Venta Las Ranas está donde San Pedro perdió las llaves, o por lo menos lo estaba desde donde nos encontrábamos, que Asturias larga es un rato.
Despues de hora y media en coche curva va, curva viene, apareció ante nosotros Casa Ciprión.
Decir que hacia calor es un acto de generosidad con el clima. ¡Qué bochorno! Y veníamos a meternos una fabada.
He de decir que, aquel día, la fabada no estaba muy allá. He probado varias mucho mejores pero, despues del arroz con leche, que es como en Asturias se acaban estas cosas, me dijeron que había tarta de queso.

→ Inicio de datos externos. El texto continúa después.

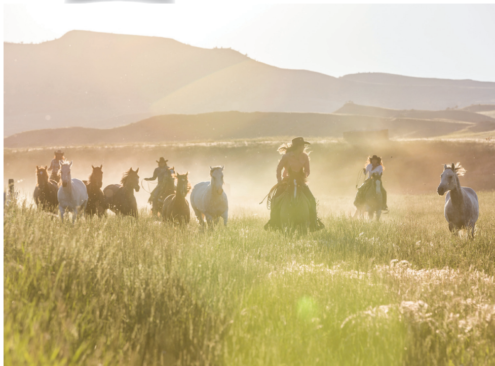
The Art of the Cowgirl gathering, to be held this month in Phoenix, Arizona, spotlights the craftsmanship, art, horses and spirit of the West.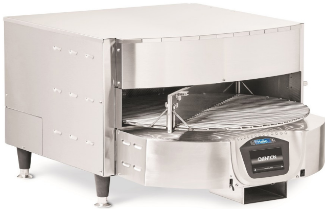
THE MATCHBOX® M360-12

MORE AIR= BETTER QUALITY, FASTER Patented air flow technology means 3x more air than traditional impingement.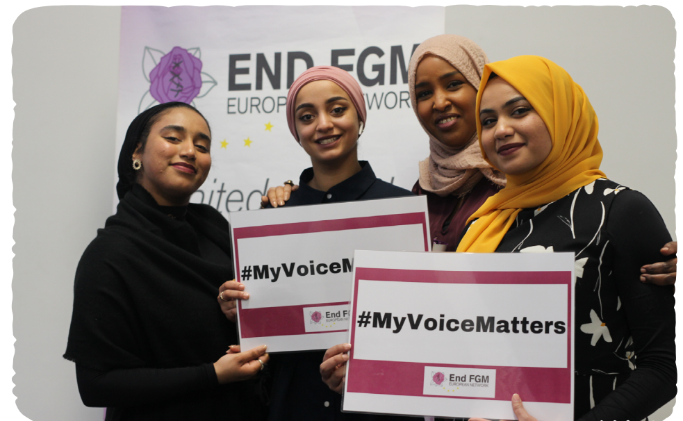
Community activists participating in End FGM EU 2019 annual campaign #MyVoiceMatters* on community engagement at a Multistakeholder event in London, 2019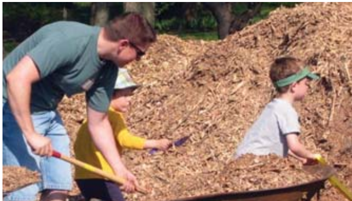
Volunteers participate in an event hosted by the center.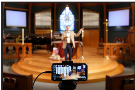
A United Methodist Church holds virtual worship.

Grant Guidelines and Application will be available on January 13, 2021 on the Foundation website: umfwnc.org/organizations/ministry-grants/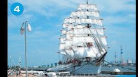
Kaiomaru Park The interior of the ex-sailing ship, Kaiomaru, is exhibited as if it is in service.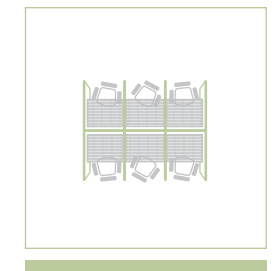
MP6-10 Small 6 Facing User Work Pod

Todavía recuerdo aquella tarta de queso con lágrimas en los ojos.
Entre en la cocina de aquel humilde establecimiento a felicitar a la cocinera, y esta no daba crédito.
La vuelta es para no recordarla debido a la digestión pero, que nos quitasen lo bailado

Jordán Abellaner dijo...

Mi preciado hermano recordará como bajé el Puerto de Somiedo hasta llegar a Oviedo tras ingentes cantidades de fabes en un restaurante junto a la carretera. El cochecillo alquilado que llevábamos no tiraba mucho, pero cuesta abajo, los propios lugareños pensaban que el mismísimo Hannu Mikola iba derrapando en las horquillas del puerto. Era yo, claro, que me iba haciendo de todo y, ufff, qué mal lo pasé.
La próxima vez que me coma unas fabes no tengo duda que me preparo un jergón donde sea y no me separo de un excusado en más de 5 metros.